On the other readings:

On a quick comment on some of the other readings, I found Hobbes’ distinction of law as obligation and right as liberty was of use for the class. I was confounded by the section titled Covenants exhorted by fear are valid. Did this legalize theft and kidnapping?
At this moment I also remember Locke’s idea of one’s ownership of self as having interested me a lot (Chapter V, point 27). In general so far the readings for Monday have clarified many of the concepts present in the discourse of rights, although the fact that the definitions vary almost from author to author, also convoluted things at the same time. Looking forward to the class’ insights. 

Sunday, 18 September 2011

Free Trade Agreements and Human Rights.



My first link, http://www.lexology.com/library/detail.aspx?g=e147dbd8-0165-44ee-83f3-5a3f8fa6eada is a short report on how last month, Canada and Colombia signed a free trade agreement called the CCFTA. Given the corporate-related source, it is no surprise that the report limits itself to numbers and benefits for those invested (or looking to invest) in both markets. 
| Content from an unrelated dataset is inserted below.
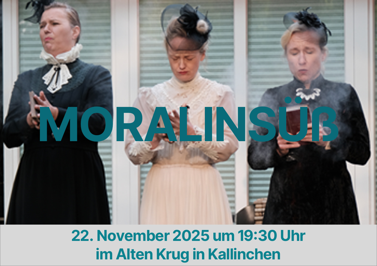 | Steigen Sie ein in das Narrenschiff der Menschheit – Lachen ausdrücklich erlaubt! In der bitter-süßen Komödie MORALINSÜß begeben sich drei elegante Damen auf einen ebenso amüsanten wie scharfsinnigen Streifzug durch 2000 Jahre Geschichte der Sittlichkeit – und entlarven mit Wortwitz, Charme und feiner Ironie das fragile Fundament unserer moralischen Maßstäbe. Darf man das? Sollte man nicht? Oder war das früher vielleicht sogar erlaubt? In der bitter-süßen Komödie MORALINSÜß begeben sich drei elegante Damen auf einen ebenso amüsanten wie scharfsinnigen Streifzug durch 2000 Jahre Geschichte der Sittlichkeit – und entlarven mit Wortwitz, Charme und feiner Ironie das fragile Fundament unserer moralischen Maßstäbe. Ob Goethe, Büchner, Molière oder andere große Denker – sie alle liefern die geistige Munition für einen parodistischen Reigen aus Szenen, Gedichten und Musik. In kunstvoll inszenierten Momenten begegnen dem Publikum die kleinen und großen Verfehlungen der Menschheit, deren Bewertung sich – wie die Zeiten selbst – stetig wandelt. Was gestern tugendhaft war, ist heute lächerlich. Was heute als unanfechtbar gilt, könnte morgen schon zur moralischen Fußnote werden. Und übermorgen? MORALINSÜß ist eine scharfzüngige Reise durch moralische Moden und gesellschaftliche Konventionen, ein kabarettistisch angehauchter Theaterspaß mit Tiefgang – humorvoll, nachdenklich und herrlich zeitlos. Steigen Sie ein in das Narrenschiff der Menschheit – Lachen ausdrücklich erlaubt! | |

Now, how does this free trade agreement connect to human rights in Latin America? 


My second link, http://www.bloomberg.com/news/2011-09-13/trade-deals-wed-obama-to-republicans.html is a Bloomberg.com article on a recent speech given by President Obama to his nation's congress. In a nutshell, it narrates how Obama pushed and lobbied hard for the stalled free trade agreements that have divided U.S. political interests: South Korea, Colombia and Panama. The article points on how, after his speech, the president received a standing ovation...from the Republican party members! The truth is that ever since a trade deal with Colombia, such as the one Canada so eagerly signed, has been opposed by a faction of the democratic party due to the country's shoddy record with human rights, in particular around labour. To quote the article, "Representative Sander Levin, a Michigan Democrat, said he won’t support the Colombia deal because its government fails to protect workers from intimidation and violence." 


One the one hand, the U.S. trades with multiple trade partners with shoddy H.R. records that I don't need to single out here, as we can all think of a handful of examples. Why picking up that labour and human rights banner in such a specific case as Colombia? And how does it reflect on our Canadian govt. and society in general when we quietly and successfully sign a trade agreement with a nation that does truly have a laundry list of murder, extortion and torture charges targeted towards union organizers and rights activists?